I usually try to make this the day before we need it or at least a few hours ahead of time so that the flavors can meld together but if you need to use right away it’s still delicious.

This makes a big batch… about 2-3 cups worth… so you may want to half it if you don’t need as much.

We reuse some old squirt bottle from other condiments to store this in once it has cooled down. I have also kept it in glass jars but they are a little more difficult to control when pouring.

This is great on sandwiches and can be used as a salad dressing as well. My family has put it on a variety of different foods and even used it as a dip for chips or in place of ketchup on their fries!

Tip: blend your onion in the food processor or blender and add a bit of the water to it so it gets smooth!

Sweet Onion Sauce


2 c. Sugar (I use monk fruit)

1 1/2 c. Water (add a little more/less if it seems to be too thick/thin for your liking)

1 1/4 c. White vinegar

1/4 c. Red wine vinegar (this may work with ACV but I haven’t tried it yet)

1/4 c. Cornstarch (I have used xantham gum)

1/2 c. Onion, finely minced (you can substitute onion flakes but try to use fresh onions if at all possible)

1/4 c. Dijon mustard

2 T. Mustard powder (you could probably add a little extra Dijon mustard if you don’t have any of this on hand.)

2 t. Celery salt

1 T. Poppy seeds

1 1/2 t. Onion powder

2 t. Garlic salt (or use 1/2 t. Garlic powder and 1 1/2 t. Salt)

1 t. Paprika

1 t.
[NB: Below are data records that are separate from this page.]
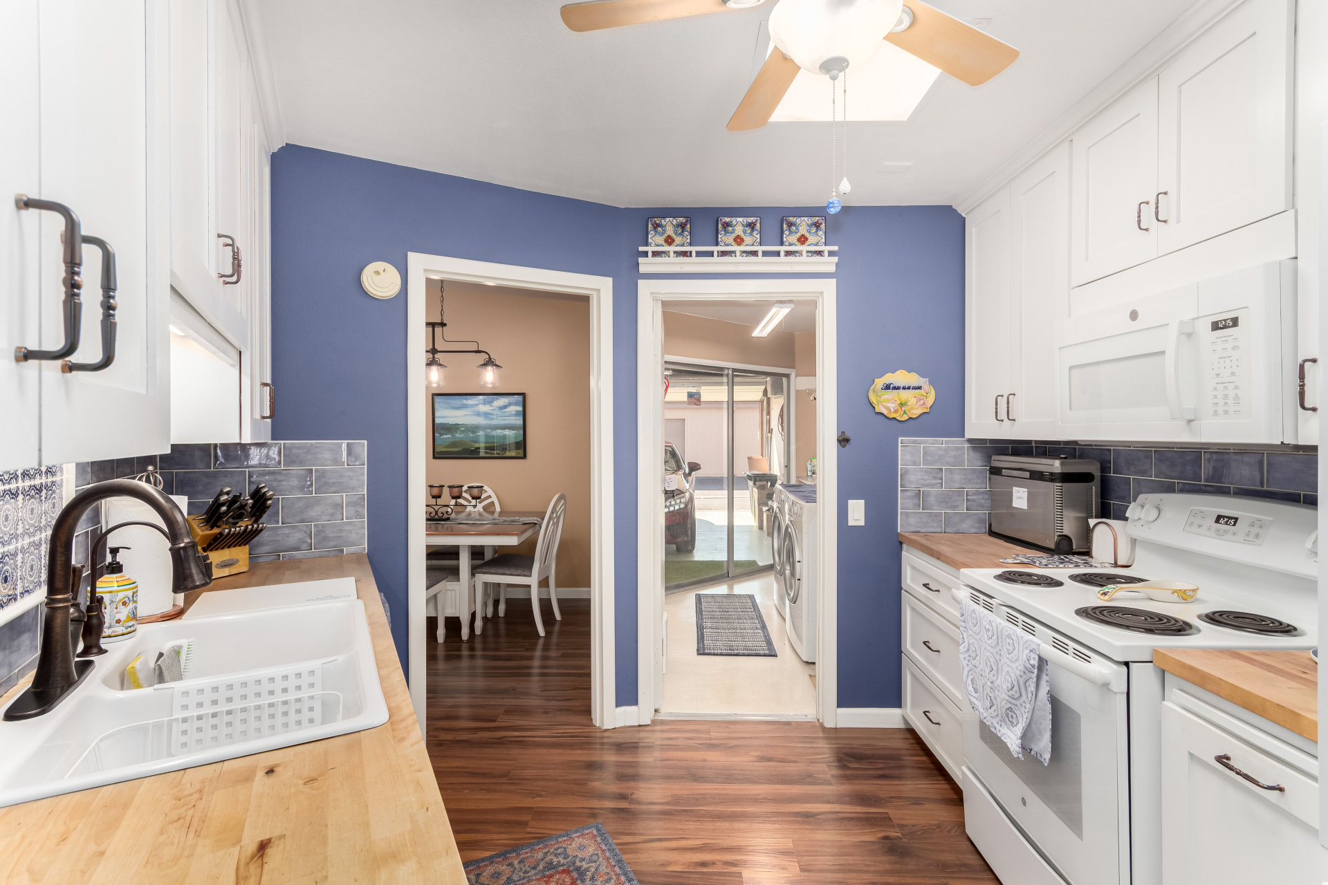 Beautifully remodeled 2 bed, 2 bath townhome in Lipan Court, completely updated from 2018 onward with quality finishes and thoughtful design. Enjoy wood-look flooring, a spacious open layout, and a stylish kitchen with butcher block counters, tile backsplash, and built-in appliances. The primary suite offers a walk-in closet w/ additional closet and private bath, while the secondary bedroom is perfect for guests or a home office. The extended garage fits two smaller vehicles and includes built-in cabinets for storage. Relax in the private backyard w/ covered patio and artificial turf. All furnishings and décor in the home can stay, making this a truly turnkey, move-in ready opportunity in a quiet and convenient location. Enjoy modern comfort and low-maintenance living.
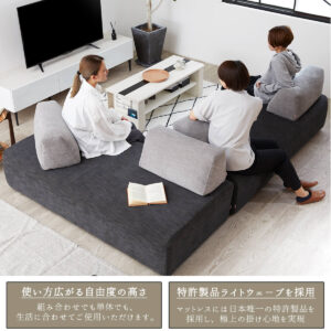 背クッションの位置は変更可能で組み合わせが自由にできます。
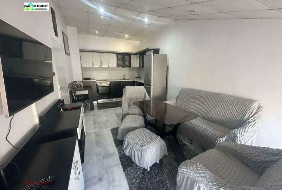 Продава две стаи с бокс, тухла, 58 кв. м., етаж 5/5, разпределение: всекидневна с кухненски бокс, спалня баня и тоалетна, тераса и таван- 7 кв. м. Изложение изток. Апартамента се продава с цялото обзавеждане и оборудване. За повече информация и огледи 0888/448432; 0877/887325.
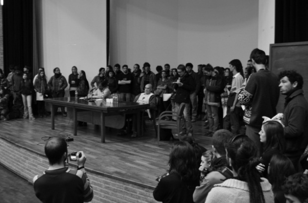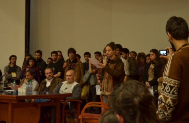 Durante el último día de la X RAM los estudiantes se dirigieron a la conferencia de cierre llevando un cartel que tenía estampada la consigna “descolonizar el saber y el poder”. Fueron recibidos en el escenario por los organizadores del evento y leyeron la declaración de su Asamblea en portugués y castellano. Cientos de copias del documento también fueron distribuidas entre los que participaban de ese acto.
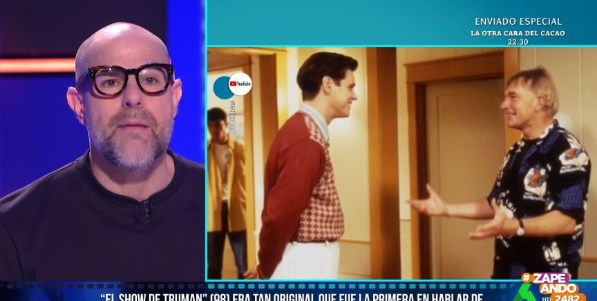 Alberto Rey visita Zapeando para repasar algunas de las películas que tratan sobre el mundo de la televisión. Una de las más míticas es 'El show de Truman', pues la cinta protagonizada por Jim Carrey, además de ser "un peliculón, fue bastante visionaria", comenta Quique Peinado, hasta el punto de que fue considerada una película de ciencia ficción mientras que hoy sería "una sátira", expone el crítico.
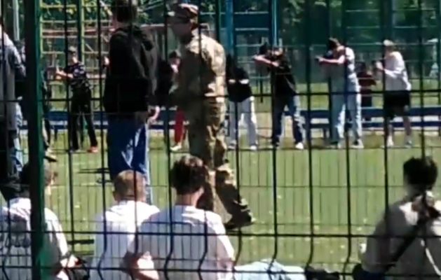 Вот так в наших школа ТЦКашники дрессируют детей. Это киевская школа, смотрите что делают с детьми. Давайте дети, учитесь идти погибать… С автоматами все стоите, вы еще маленькие, страну нашу будите защищать…
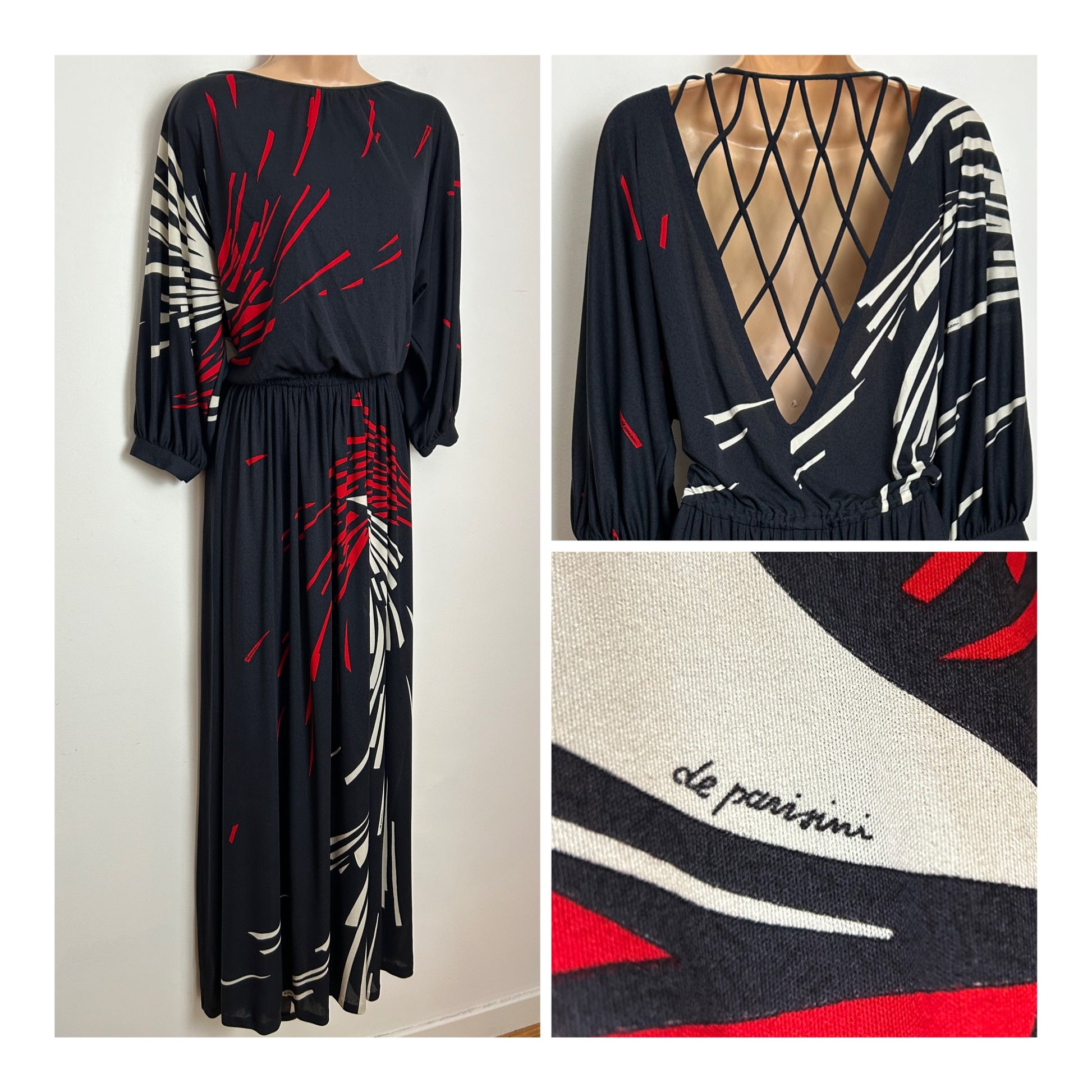 De Parisini was an Italian fashion house, prolific in the 1970s. Well known for their silk jersey dresses. Gianni Versace designed for them for a short while. They were also recognised for its use of bold prints and unique silhouettes, which this one definitely is!

Black pepper

1-2 T. Sesame oil


Combine all the ingredients in a saucepan.

Bring to a boil over medium high heat and whisk it continuously.

Cut down the heat and simmer for 5-10 minutes until thickened, keep stirring.

Allow to cool down before pouring into a container.

Best served after it has cooled and been refrigerated for several hours but can be used right away, if needed.

I’m not sure how long this keeps as it gets used rather quickly here but it has lasted over 2 weeks with no change in flavor.